R. There is some movie, of course, like Herlike Ex Machinasome novel like the Zero K by Don Delillo, but in reality what I have done is read a lot of articles about deep learningon transhumanism, the newsletter from MIT… I discovered that I had a second cousin who was an expert in artificial intelligence with whom I started talking and I saw that I could more or less understand all that. But in terms of literary references, in reality my treatment is that of my usual suspects: Michelle Houellebecq, Don Delillo, Virginie Despentes, Marguerite Duras… those types of people who talk about what worries them, about what they suspect is behind the life that is seen with the naked eye.
P. Do you think that literature asks us to go for a bit of this aspect of science fiction? Should writers scrutinize this rapidly changing present?
R. The future looks more and more like science fiction. The things we can think of happening five or ten years from now are… magic. There is a phrase by the scientist Edward Wilson that says that our problem is that we have paleolithic sentiments, medieval institutions and technology of gods. The technology we have now, in 20 years will be paleolithic.
P. Are you comfortable with the dystopian label?
R. No, I’m always optimistic. My novel goes a little in another direction, but I am optimistic about technology and about the future. Things change. There are things that we see with concern, but perhaps the people who are locked in their house within the metaverse are… happy. In the end, the dystopia is within oneself, it is how one knows how to deal with technological advances and the future. If 30 years ago you said that today there are people who live at home watching series, ordering food at home and writing on the networks, many would have said that the present is dystopian.
P. Paying with bitcoins.
R. Bitcoins are a gift that God has given to nerds for all the hardships they have suffered in their lives.
P. A lot of technology, but the core of the novel has a lot to do with the relationship between the protagonist and his daughter.

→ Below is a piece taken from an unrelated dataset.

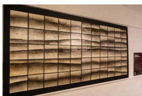
Reoccurring Undulation VI, 2017 by Elpida Hadzi-Vasileva. Part of Coastal Currents Arts Festival, Hastings UK, September 2017.

The material was selected through a process of engagement with the locality, its landscape and history. Membranes and skins are recurring obsessions in Elpida's work, taking dead waste materials and transforming them through repetition into new artefacts that demonstrate the latent beauty of this discarded matter. Elpida often endures weeks/months of repetitive and nauseating labour to create her work. It is precisely this repetition that creates an imaginative space, opens up possibilities and allows the work to evolve.

R. There is remorse on the part of the character, who has put aside his work as a father in order to achieve a prodigious achievement for humanity. It is a topic that I am passionate about. I remember reading the statements of Stephen Hawking’s first wife, in which she said that he had been very cruel to her. The word he used was cruel. And I thought, surely there will be a lot of men and women in the world who have been terrible human beings, but who have achieved things that make us better. It’s a contradiction… disturbing. And you have to exploit it.